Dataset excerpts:
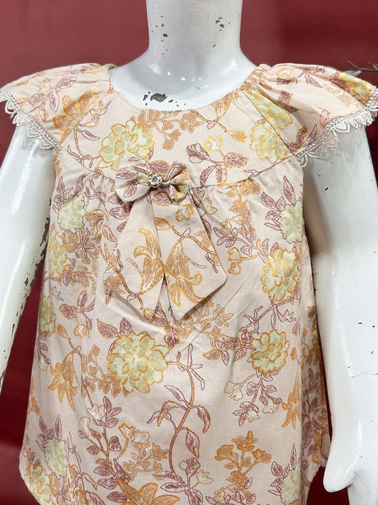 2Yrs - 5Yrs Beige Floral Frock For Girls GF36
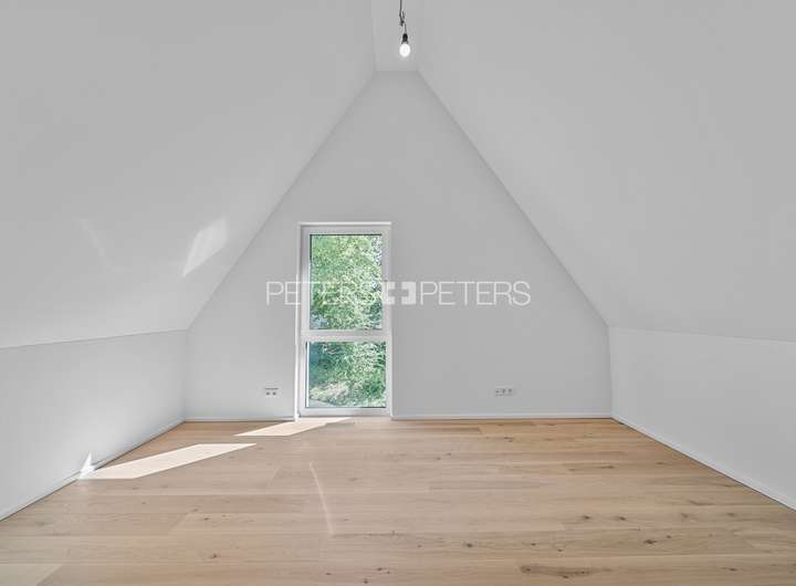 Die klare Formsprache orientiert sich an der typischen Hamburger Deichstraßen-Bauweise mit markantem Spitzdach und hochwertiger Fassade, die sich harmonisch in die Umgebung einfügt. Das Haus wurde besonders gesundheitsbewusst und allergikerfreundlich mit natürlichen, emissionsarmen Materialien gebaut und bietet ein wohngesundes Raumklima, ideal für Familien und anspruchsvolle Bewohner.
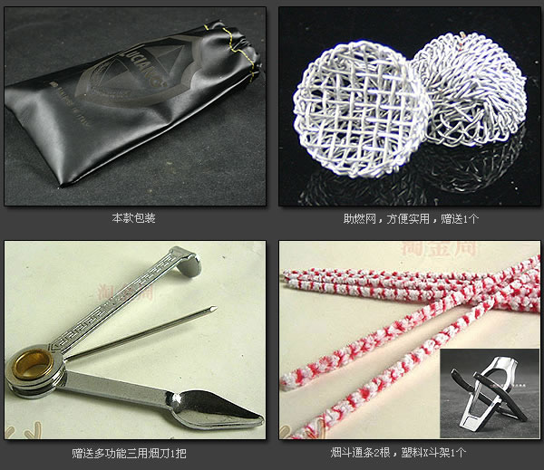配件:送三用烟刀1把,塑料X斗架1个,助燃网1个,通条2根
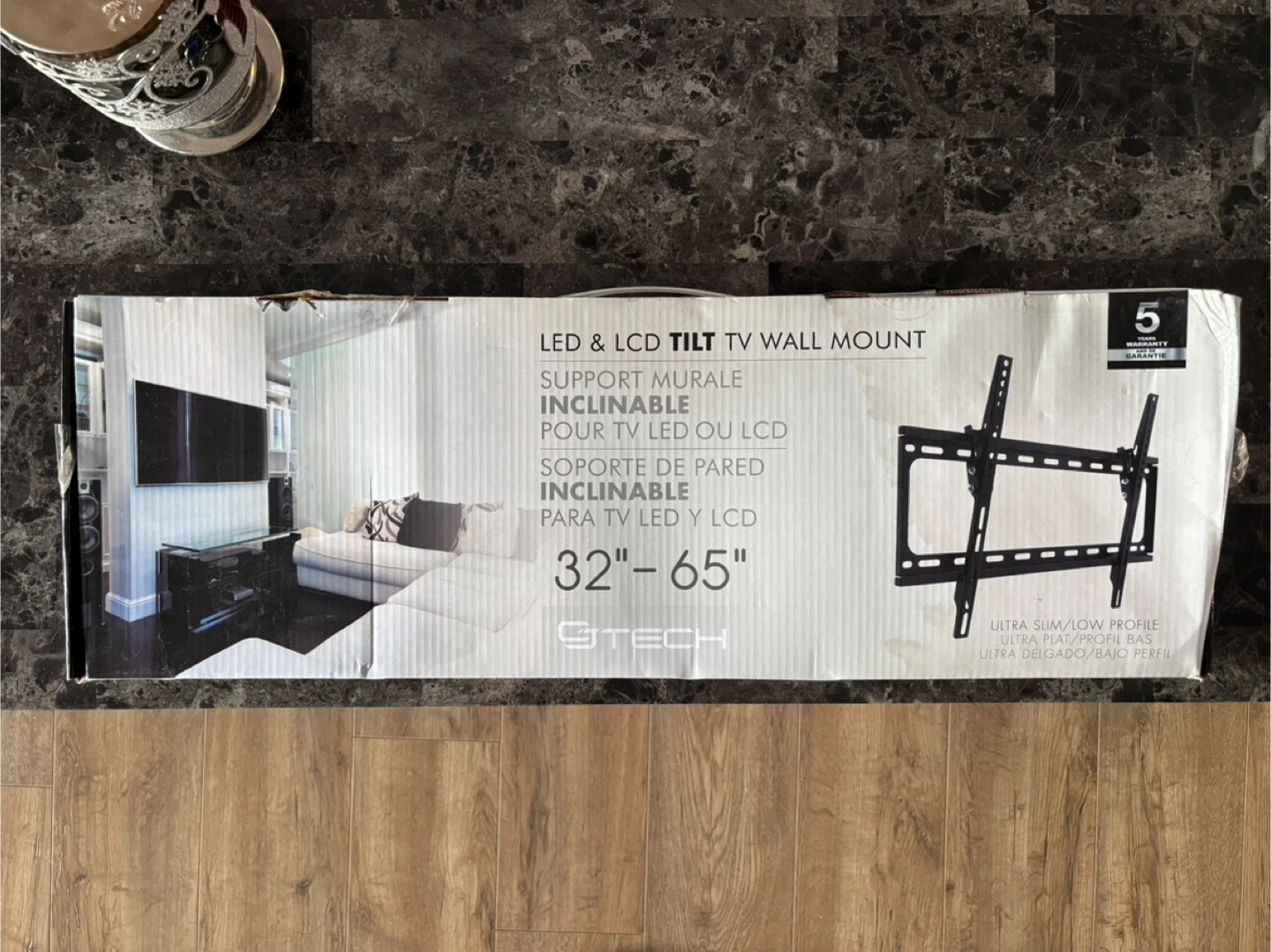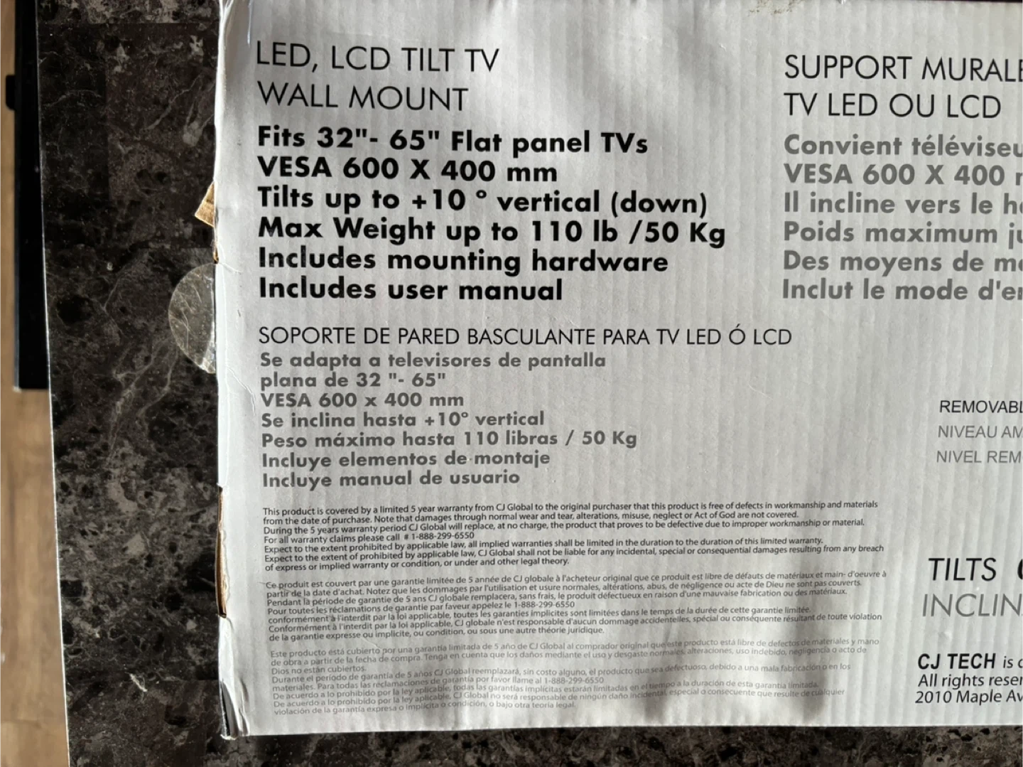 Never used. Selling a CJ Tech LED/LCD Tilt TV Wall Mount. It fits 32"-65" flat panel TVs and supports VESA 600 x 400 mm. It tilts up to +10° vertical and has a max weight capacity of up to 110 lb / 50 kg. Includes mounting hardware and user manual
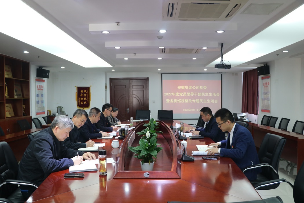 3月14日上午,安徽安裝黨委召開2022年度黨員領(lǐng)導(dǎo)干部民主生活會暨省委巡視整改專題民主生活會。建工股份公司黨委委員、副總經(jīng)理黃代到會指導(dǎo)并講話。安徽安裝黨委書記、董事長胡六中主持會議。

## Required work
For this exercise, print all of the entries exactly as they appear, but without pictures.

## Solution for this task
 2Yrs - 5Yrs Beige Floral Frock For Girls GF36
 Die klare Formsprache orientiert sich an der typischen Hamburger Deichstraßen-Bauweise mit markantem Spitzdach und hochwertiger Fassade, die sich harmonisch in die Umgebung einfügt. Das Haus wurde besonders gesundheitsbewusst und allergikerfreundlich mit natürlichen, emissionsarmen Materialien gebaut und bietet ein wohngesundes Raumklima, ideal für Familien und anspruchsvolle Bewohner.
配件:送三用烟刀1把,塑料X斗架1个,助燃网1个,通条2根
 Never used. Selling a CJ Tech LED/LCD Tilt TV Wall Mount. It fits 32"-65" flat panel TVs and supports VESA 600 x 400 mm. It tilts up to +10° vertical and has a max weight capacity of up to 110 lb / 50 kg. Includes mounting hardware and user manual
 3月14日上午,安徽安裝黨委召開2022年度黨員領(lǐng)導(dǎo)干部民主生活會暨省委巡視整改專題民主生活會。建工股份公司黨委委員、副總經(jīng)理黃代到會指導(dǎo)并講話。安徽安裝黨委書記、董事長胡六中主持會議。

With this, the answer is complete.